Unlike those at Fatima and Lourdes, the Vatican has never recognized the providence of the Medjugorje visions. In 2009 it defrocked a previous Franciscan "spiritual director" to the visionaries amid claims that he exaggerated the apparitions and sired a child with a nun.
Several other "disobedient" Franciscans have been expelled from the parish.
Like his predecessor Pavao Zanic, the Bishop of Mostar Ratko Peric is extremely scornful about the "visions" and the way in which the Franciscans and other groups have behaved in Medjugorje. Their striking comments on the phenomenon which suggest it is just a rewarding hoax are posted in English on the diocese website (cbismo.com).
However , the Franciscans of Herzegovina won't give up Medjugorje without a fight. They are hard and tenacious, as everybody from the Ottomans to Bishop Peric has found. During the 1992-1995 Bosnian war, Peric was abducted and beaten by Croat militiamen in a local Franciscan chapel, till UN troops and the mayor of Mostar secured his release.
The war freed another wave of ethnic cleaning in Herzegovina, much of it by members of the region's Croat majority, who flattened mosques and Orthodox churches as they drove Muslims and Serbs from their homes.
The commemorative at Surmanci was blown up by Croats, many of whom delighted in their Ustashe heritage.
A trickle of pilgrims kept coming to Medjugorje throughout the war. Few maybe realised that atrocities were taking place nearby, or that their Queen of Peace had been dubbed the "Ustasha Virgin" by Serbs and Muslims who saw her as a symbol of Croatian ultra-nationalism.
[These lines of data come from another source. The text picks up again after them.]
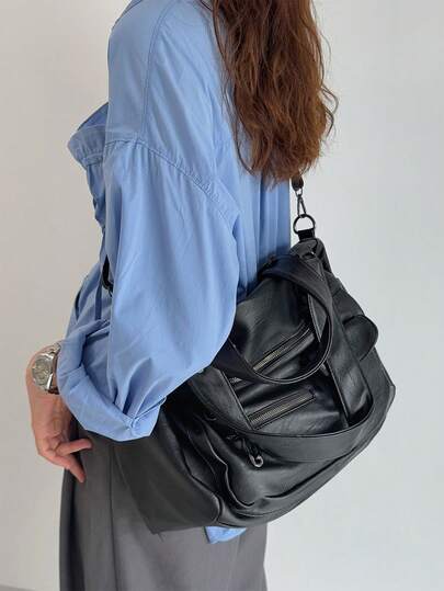 复古朋克风格女式摩托车包,个性化复古单肩包,带多个拉链的斜挎包 - 彩色 - 查看 9
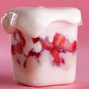 Gelato bem cremoso feito com morangos frescos, servido em uma casquinha feita por nós com borda de Crema e leite em pó, acompanha Brigadeiro ao Leite e Brigadeiro de Crema, finalizado com leite em ...
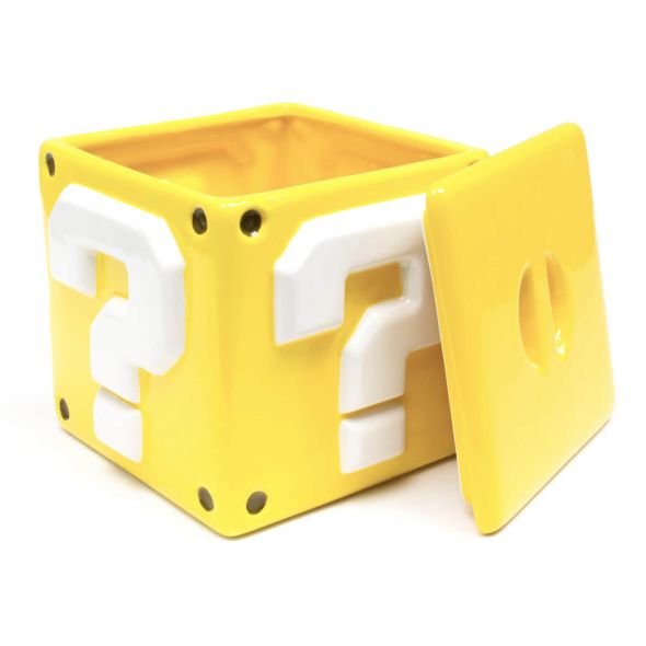 Pojemnik do przechowywania Super Mario Question Mark BlockPojemnik ceramiczny z pokrywką z motywem z popularnej gry.Produkt idealny do przechowywania ciastek, kawy, herbaty, przypraw, czy innych ...
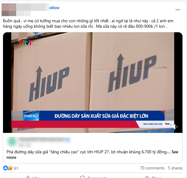 "Khổ thân, con đã còi cọc lại còn uống phải sữa giả. 2 thằng uống được 16 hộp sữa HIUP thì đừng mong không ảnh hưởng gì... Giờ mua cái gì cũng có thể giả được vậy", chị T.H chia sẻ.
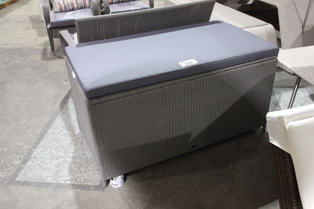 GREY RATTAN 51 X 28  CUSHIONED DECK STORAGE BOX

Medjugorje last week marked 30 years since the apparitions began and the crowds are as huge than ever .
The Vatican is now examining the apparitions and the many thousands of supposedly divine messages that have made Medjugorje's name.
For the church, the Franciscans, the people of Medjugorje and the visionaries as well as millions of followers a good deal rests on its decision,writes tagza.com.